_Given information_
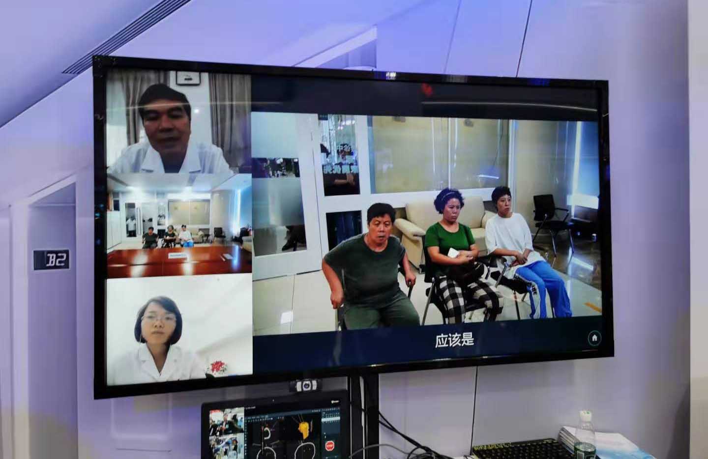 A demo shows doctors diagnosing patients via HD video conference. (People's Daily Online/He Zhuoyan)
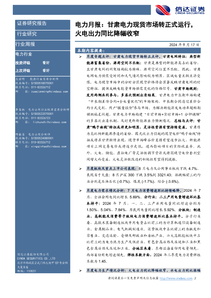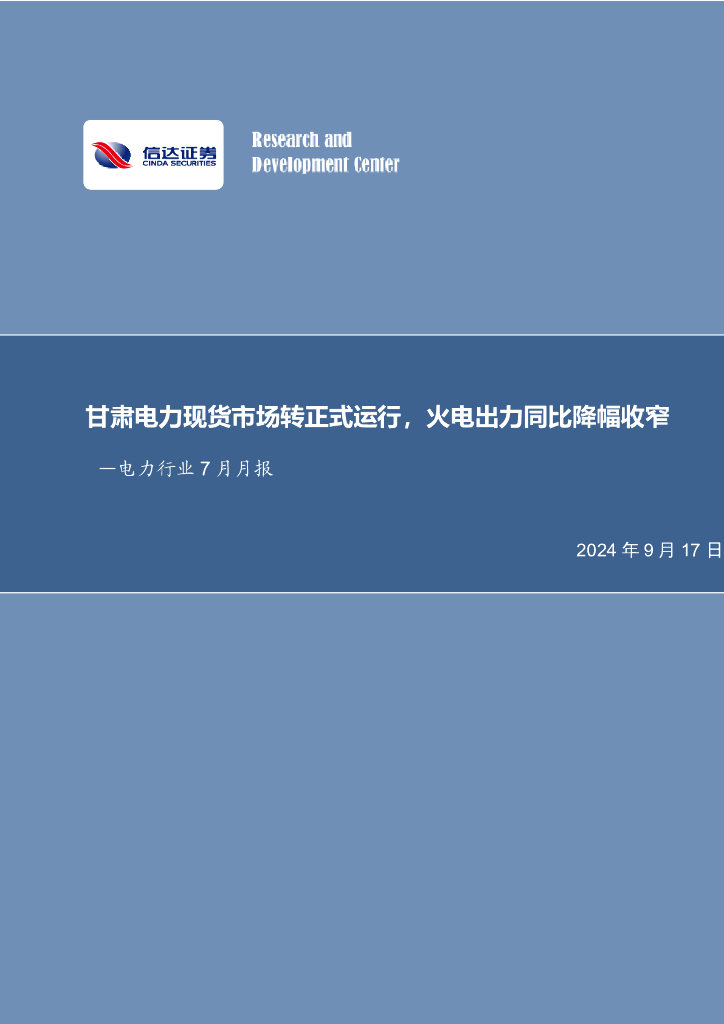信达证券:甘肃电力现货市场转正式运行,火电出力同比降幅收窄—电力行业7月月报.pdf
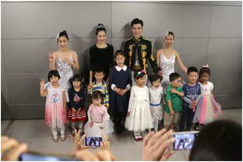 演出终场,小朋友可以与天鹅公主、王子们一起合影留念!

_Work instructions_
Repeat each line of the material exactly, please, and skip every picture.

_Output below_
 A demo shows doctors diagnosing patients via HD video conference. (People's Daily Online/He Zhuoyan)
信达证券:甘肃电力现货市场转正式运行,火电出力同比降幅收窄—电力行业7月月报.pdf
 演出终场,小朋友可以与天鹅公主、王子们一起合影留念!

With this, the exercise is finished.